_WHAT THE EXERCISE ASKS:_ Below this sentence is a listing; return exactly its lines from the one with "Monday 21 August: Zonta" to the one with "融资方面,当日融资买入0元,融资偿还85", both kept, and nothing more.

[RECORDS SHOWN — start]

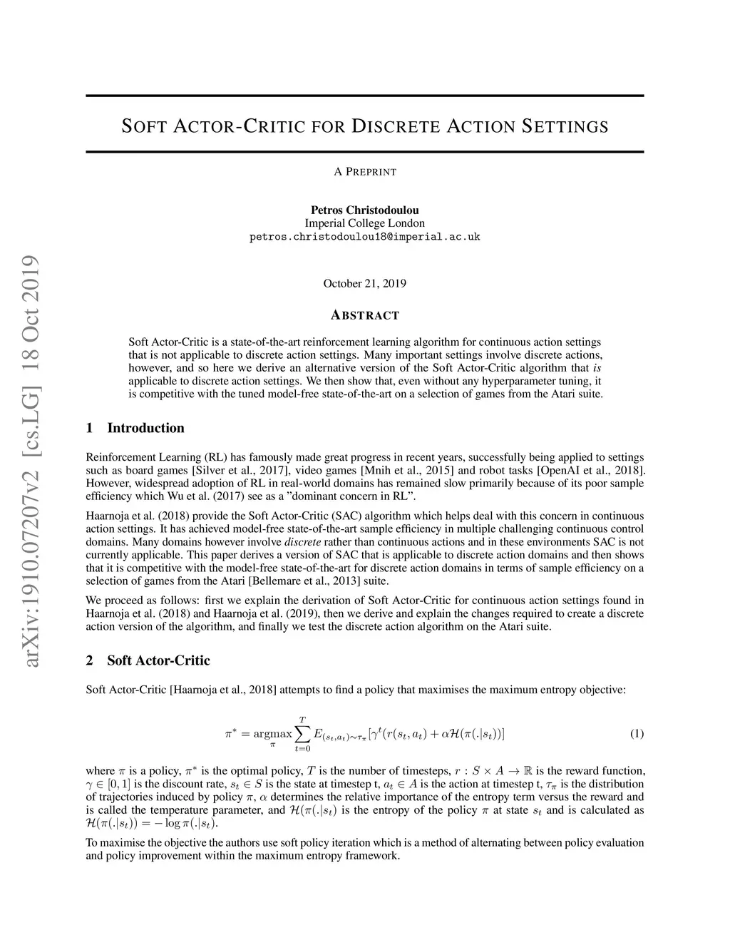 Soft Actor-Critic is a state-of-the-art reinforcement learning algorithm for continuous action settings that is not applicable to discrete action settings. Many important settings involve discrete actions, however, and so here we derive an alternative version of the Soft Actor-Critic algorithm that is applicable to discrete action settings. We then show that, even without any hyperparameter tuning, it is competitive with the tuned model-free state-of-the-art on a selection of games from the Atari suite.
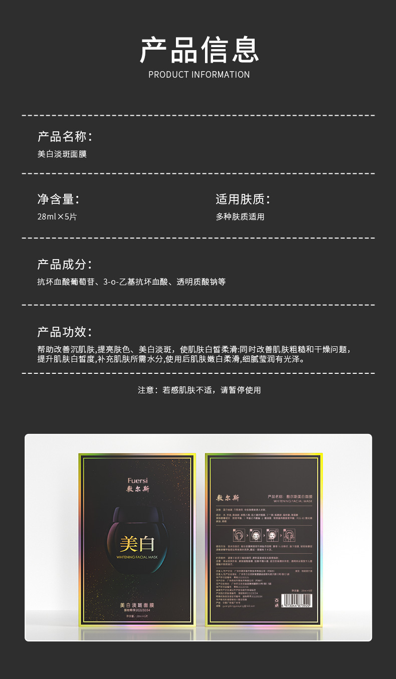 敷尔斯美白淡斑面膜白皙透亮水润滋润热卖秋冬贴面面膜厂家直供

[RECORDS SHOWN — finish]
[RECORDS SHOWN — start]

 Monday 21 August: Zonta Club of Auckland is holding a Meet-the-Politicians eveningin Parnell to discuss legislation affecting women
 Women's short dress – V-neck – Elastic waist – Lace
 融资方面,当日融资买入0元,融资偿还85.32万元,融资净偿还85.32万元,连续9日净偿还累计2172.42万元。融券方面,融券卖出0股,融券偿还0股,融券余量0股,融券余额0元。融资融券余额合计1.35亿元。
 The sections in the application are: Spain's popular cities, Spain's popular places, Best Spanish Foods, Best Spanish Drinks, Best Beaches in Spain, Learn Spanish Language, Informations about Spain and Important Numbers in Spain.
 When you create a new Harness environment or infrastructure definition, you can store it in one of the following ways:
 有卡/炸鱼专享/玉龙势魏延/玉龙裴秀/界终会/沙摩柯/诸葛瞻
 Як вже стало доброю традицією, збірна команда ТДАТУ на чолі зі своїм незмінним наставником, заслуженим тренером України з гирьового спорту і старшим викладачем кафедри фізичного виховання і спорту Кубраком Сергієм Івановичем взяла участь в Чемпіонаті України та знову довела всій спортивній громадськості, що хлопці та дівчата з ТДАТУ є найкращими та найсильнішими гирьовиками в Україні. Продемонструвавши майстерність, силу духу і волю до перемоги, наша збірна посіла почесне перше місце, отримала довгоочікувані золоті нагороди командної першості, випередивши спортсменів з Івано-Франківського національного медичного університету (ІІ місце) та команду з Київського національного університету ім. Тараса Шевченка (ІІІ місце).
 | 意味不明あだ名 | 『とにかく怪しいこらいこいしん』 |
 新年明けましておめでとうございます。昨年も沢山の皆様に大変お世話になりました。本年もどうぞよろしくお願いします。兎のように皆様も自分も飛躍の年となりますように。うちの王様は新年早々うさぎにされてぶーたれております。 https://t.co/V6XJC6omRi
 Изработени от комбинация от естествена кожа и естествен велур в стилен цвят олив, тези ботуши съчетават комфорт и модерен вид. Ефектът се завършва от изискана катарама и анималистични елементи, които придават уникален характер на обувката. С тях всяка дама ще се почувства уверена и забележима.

[RECORDS SHOWN — finish]

_EXERCISE SOLUTION:_
 Monday 21 August: Zonta Club of Auckland is holding a Meet-the-Politicians eveningin Parnell to discuss legislation affecting women
 Women's short dress – V-neck – Elastic waist – Lace
 融资方面,当日融资买入0元,融资偿还85.32万元,融资净偿还85.32万元,连续9日净偿还累计2172.42万元。融券方面,融券卖出0股,融券偿还0股,融券余量0股,融券余额0元。融资融券余额合计1.35亿元。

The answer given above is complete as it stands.